セッション記号 A (大気水圏科学) » A-HW 水文・陸水・地下水学・水環境

[A-HW18] 水循環・水環境

2024年5月29日(水) 17:15 〜 18:45 ポスター会場 (幕張メッセ国際展示場 6ホール)

コンビーナ:小槻 峻司(千葉大学 環境リモートセンシング研究センター)、林 武司(秋田大学教育文化学部)、福士 圭介(金沢大学環日本海域環境研究センター)、濱 侃(千葉大学大学院園芸学研究院)

17:15 〜 18:45

[AHW18-P13] Bias correction of climate change prediction data based on Simplified Meta-statistical Extreme Value distribution

*崎川 和起1、近森 秀高1、工藤 亮治1、丸尾 啓太2 (1.岡山大学大学院環境生命科学研究科、2.農業・食品産業技術総合研究機構)

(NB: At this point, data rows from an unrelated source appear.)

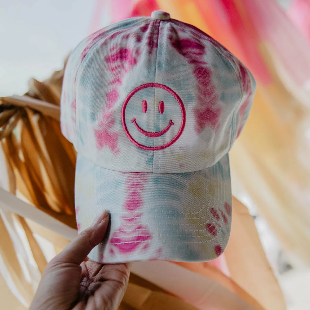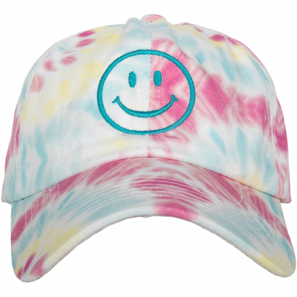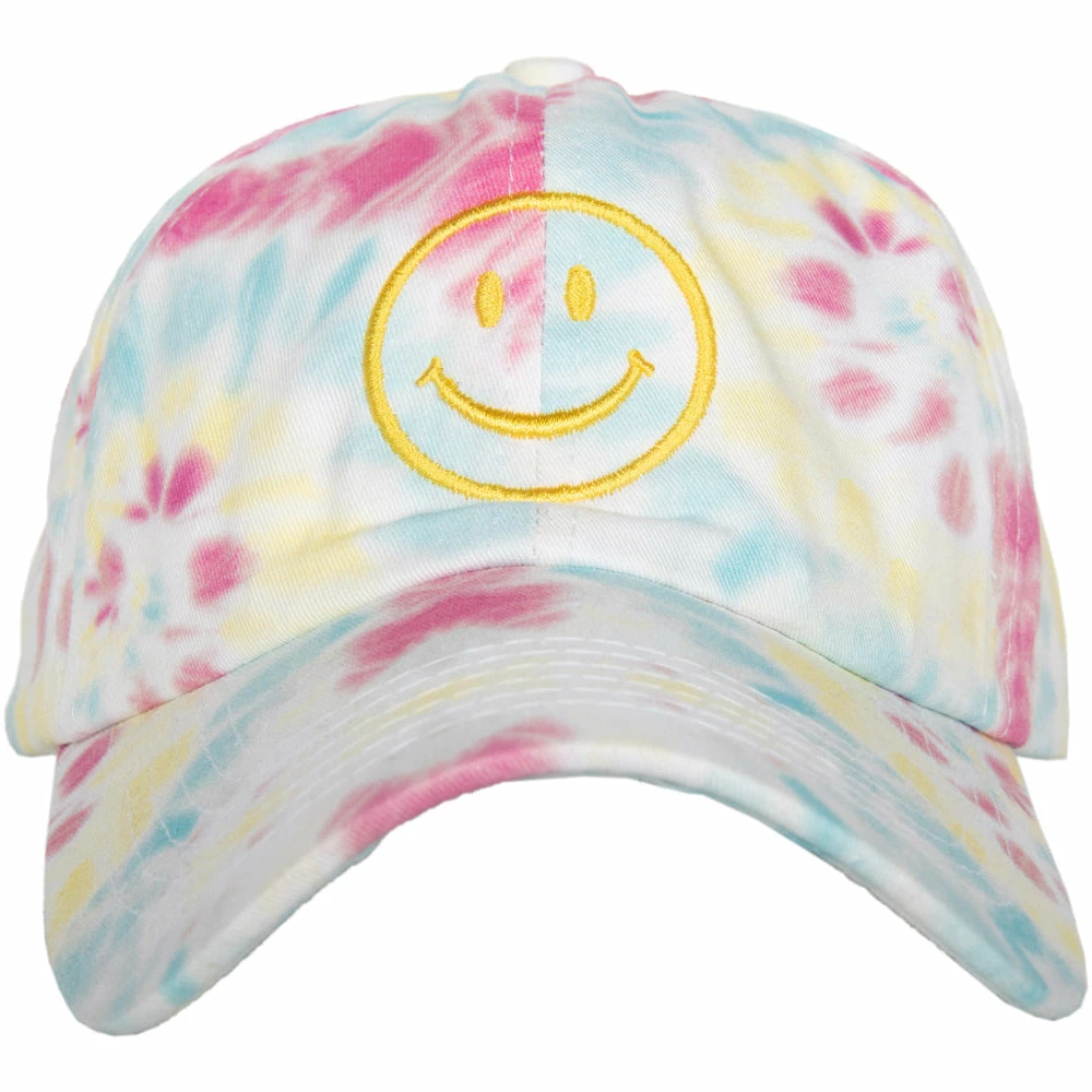 Everyone will be smiling when you’re wearing the Happy Face Tie Dye Baseball Hat. This bright and colorful cap is trendy and cute with the embroidered happy face on a pastel hot pink, teal blue, and yellow tie dye pattern. Perfect for adventures around town, on your vacay, or even catching a baseball game. Brilliant!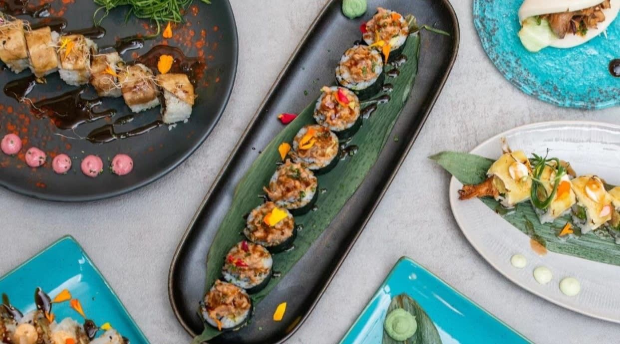 Maki aguacate (8 uds.), maki atún (8 uds.), y maki salmón (8 uds.)California de atún (8 uds.) nigiri atún (2 uds.),
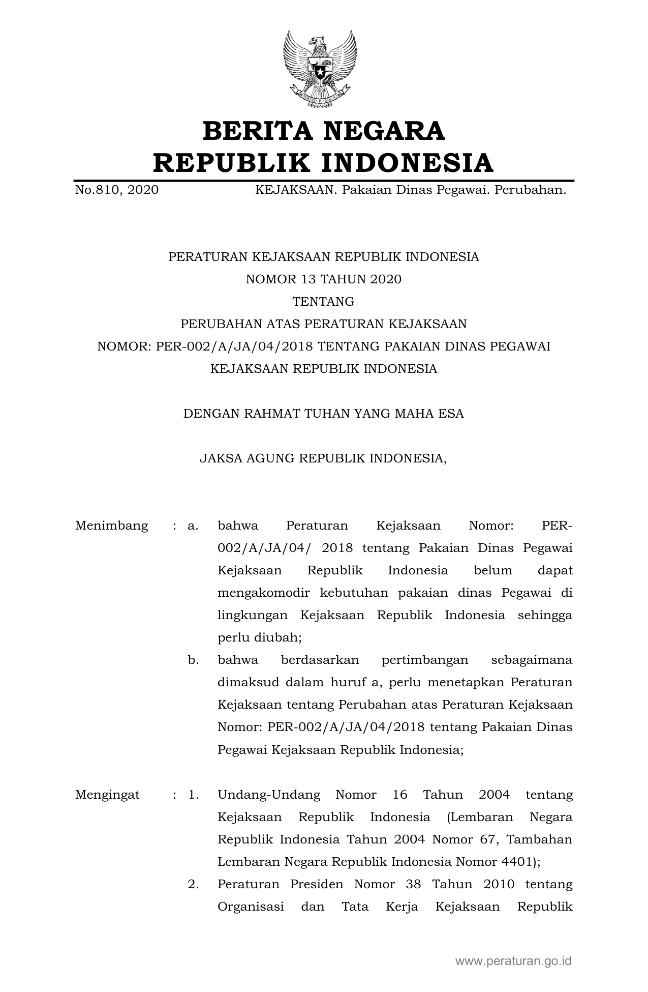PERBAN Nomor 13 Tahun 2020 | Peraturan Badan Nomor 13 Tahun 2020 tentang PERUBAHAN ATAS PERATURAN KEJAKSAAN NOMOR: PER-002/A/JA/04/2018 TENTANG PAKAIAN DINAS PEGAWAI KEJAKSAAN REPUBLIK INDONESIA

キーワード:極値解析、水文統計、バイアス補正手法、メタ統計的極値分布

Correcting biases for extreme values in precipitation outputs by poor observed data is key for hydrological applications and risk management depending on climate models. However, the sample size of extreme rainfall value is so small that the estimated return level and return period strongly fluctuate even when a few extreme-size minima or maxima are included by a change in a target duration for the analysis. That often disturbs the correct estimation of secular change in return level and return period of rainfall. Therefore, the result of traditional methods based on extreme theory by poor rainfall data may include a large uncertainty. This study presents a new bias correction method based on the Simplified Meta-statistical Extreme Value (SMEV) approach which enables us to estimate stably. SMEV approach provides a robust framework for frequency analyses of extremes emerging from multiple underlying processes and represents a practical tool for computationally efficient sensitivity analyses, explanatory models, and climate projections. The results indicated that the new bias method estimates corrected values with errors as small as those of the Generalized Extreme Value (GEV) method, compared to observed data, and it provides the fluctuation range of corrected values compared with the Annual Maximum Series (AMS) method. Therefore, the new bias correction method with the SMEV approach provides a robust bias correction for extreme rainfall.